Since no image or object source is infinitely small, you will have divergence with any parabolic reflector regardless of focal length but the longer the focal length, the lesser this divergence occurs. I believe this is due to relative size or volume of image VS focal length; the greater the focal length, the closer the image comes to behaving as a single point source.

If you compare the McR-27L to the McR-16, it is initially hard to believe that these two share the same focal length or parabolic curve. The spot seems larger and more defined (relative to the spill) with the McR16 VS the McR-27L. IMHO, the McR-27L is the most ideal path beam of all of my reflectors with the McR-38 in third place and the McR-45 in second place but certainly open to disagreement. I think a light for path illumination should be held parallel to the path and ideally it would provide the same level of return ilumination from the ground 5' away as it would from a distant target. I believe the McR-27L accomplishes this best because it is a relatively deep reflector and due to the orange peel as well as divergence of light from true collimation, it takes much of what is spill with the McR-16 and distributes this light with emphasis in the center but additionally on out and into the spill as well. The narrower the spill angle (deeper the reflector), the greater the amount of overall light output you are managing with the reflector. Because the reflector is not 100% efficient in transmission, you will see reductions in flux as you go to a deeper reflector but this may well be acceptable given more on target light as well as a possibly preferred blend in distribution from spot to spill. :shrug:

For a reflector like the McR-18 in the SPY005 to perform in the same manner as the McR-27L, the LED package would have to be much smaller and the image smaller in size as well. I am waiting for the Cree 7090 LED's to grow into their reported flux potential as I feel this LED coupled with the McR-19 (much shorter focal length than the McR-20 series) may provide a good viable path beam in a smaller diameter package still.

Well that's my two cents worth and then some! :nana:

And to the real experts,



So what! :duck:

Well you are what passes for an expert here

Thanks for your input. For some reason I was under the impression that a "perfect" tightly focused hotspot was harder to create than an "imperfect" beam where the hotspot was wider and less defined. Since I prefer the imperfect beam, I thought it could be easier to obtain. You seem to be describing the exact oppostie effect, but I'll have to read it a couple more times and think about it a bit before I understand.

I'm actually really amazed at how tight the hotspot is on the McR18. I always thought a stochastic reflector would blend the light more from spot to spill. Yet from a purely visual observation it appears very similar to the beam produced by the smooth Fenix, although a bit less lumpy.

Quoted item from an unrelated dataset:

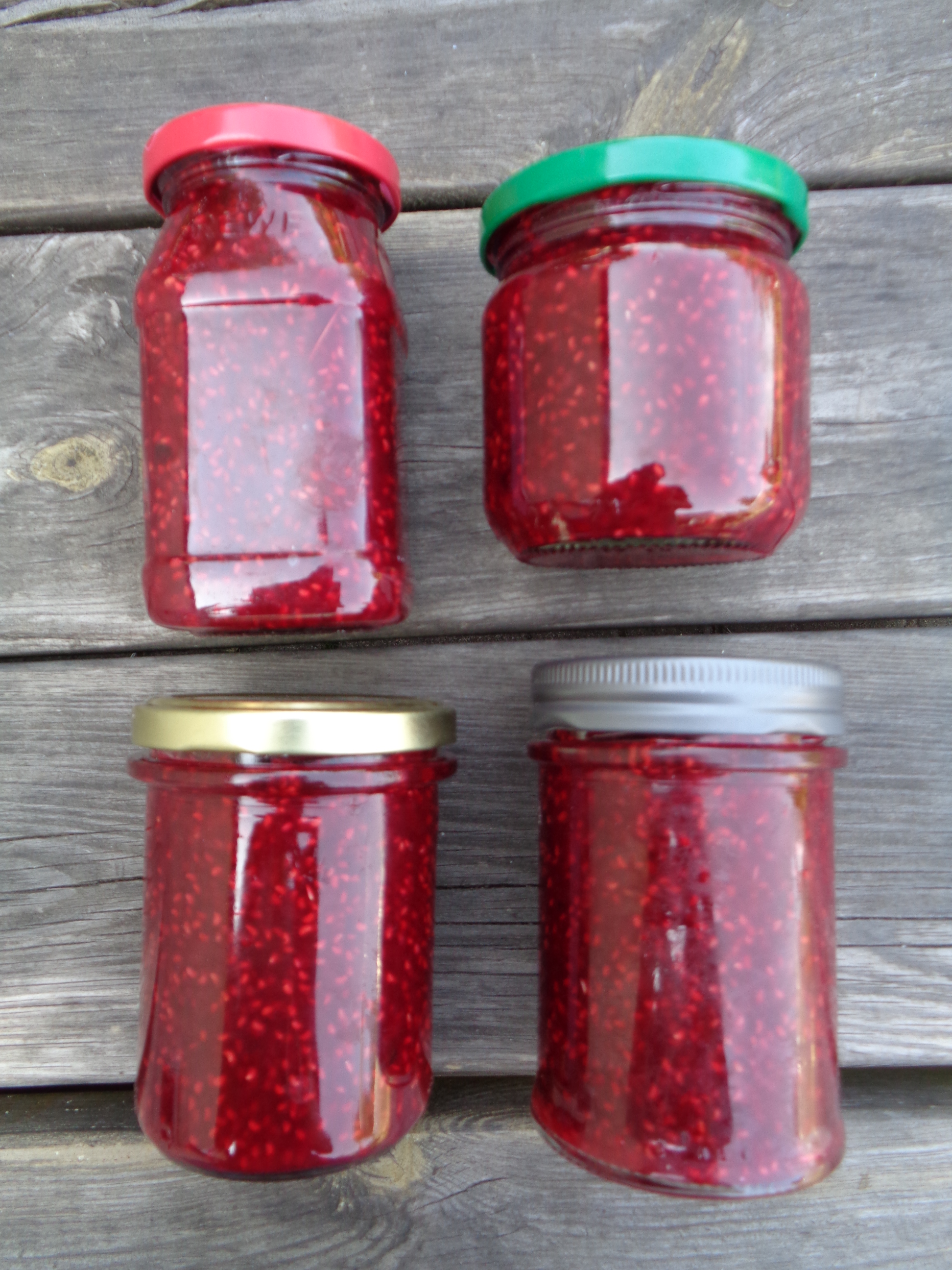 Himbeermarmelade kochen will ich schon seit drei Sommern. Vor vier Jahren wurde extra dafür ein Himbeerstrauch gepflanzt. Da wachsen auch Himbeeren, allerdings sind die echt lecker. Noch nie hat es eine einzige Beere bis in die Küche geschafft.

Have you thought about a using a non-perfect parabola? Perhaps a slight flare or over-curve at the front end.

Little off topic but saw your username and got me to wondering. Are you a member of the NSS? If so what is your last name, my family might know you. We know a few cavers from around VA.

Dave,
If I had CNC abilities and could cut my own reflectors, there are a number of ideas I would try just for the sake of curiousity. As it is, I sweat bullets on the McR-20 while waiting for the first article to arrive. I had no certainty that any light would even come out the front end! While a reflective point on a bump in the peel may be way off alignment from the focal point of the reflector, it may be ideally suited for a photon coming from outide of the focal point as its origin. If you consider the size of a photon and then look at the surface of a smooth reflector under a microscope you may find that at the scale where it counts, the smooth reflector is anything but smooth!! At 10,000' a dry lake bed may look viable to a pilot as a landing spot but with a low fly by, the truth could be all together different. The IMS reflectors were generated with the aid of computer modeling by guys who knew what they were doing. The McR line wasn't and by someone who doesn't. :lolsign:

I may pass gas but I won't try to pass as an expert. When science is inexact, an inexact approach may have better yield. I think the physics of optics is exact but modeling to a light source that is not exact or predictable in location requires some fudge in the program. A form fit device is usless if the form it fits is not the form it is to be mated to. It seems to me that the level of precision in design should be on par with the level of precision in reality. The more forgiving and less demanding of compliance a design is, the more tolerance it will allow in actual function. I am not sure any of these comments are relevant but it feels right making them. If all else fails I do have a tried and true fallback:

an optic may not be conical in shape.

the solution to your request is horsepower.. I have reflectors in lights that do exactly like you wish... illuminate everything from your feet to 50-100' away with nearly equal brightness to your perception.. they do so by having a very 'soft' beam.. heavy stippled reflector.. so that the transition from spot to flood takes quite an angular distance.. the problem is.. that this kills the throw.. so if you want to have a lot of spot throw and a lot of flood you need a LOT OF POWER.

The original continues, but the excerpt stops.